● INFORMATION:
☆ ☆ ☆
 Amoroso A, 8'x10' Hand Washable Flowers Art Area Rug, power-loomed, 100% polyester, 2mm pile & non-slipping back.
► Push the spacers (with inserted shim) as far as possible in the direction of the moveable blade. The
☆ ☆ ☆
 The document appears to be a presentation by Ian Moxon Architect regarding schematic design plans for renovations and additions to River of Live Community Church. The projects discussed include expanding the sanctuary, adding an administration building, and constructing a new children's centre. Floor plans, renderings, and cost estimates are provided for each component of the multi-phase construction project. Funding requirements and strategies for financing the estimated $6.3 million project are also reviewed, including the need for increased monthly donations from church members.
☆ ☆ ☆
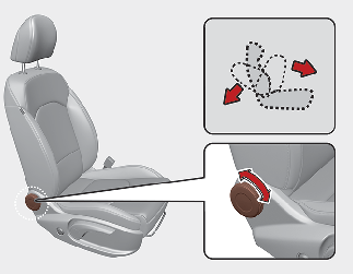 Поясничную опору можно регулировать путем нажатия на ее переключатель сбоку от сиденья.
☆ ☆ ☆
● PROBLEM TO WORK ON: Would you please write out, exactly and with no other lines, the stretch of the listing above from the line containing "Amoroso A, 8'x10'" through the line containing "moveable blade. The"?

● ANSWER SPACE:
 Amoroso A, 8'x10' Hand Washable Flowers Art Area Rug, power-loomed, 100% polyester, 2mm pile & non-slipping back.
► Push the spacers (with inserted shim) as far as possible in the direction of the moveable blade. The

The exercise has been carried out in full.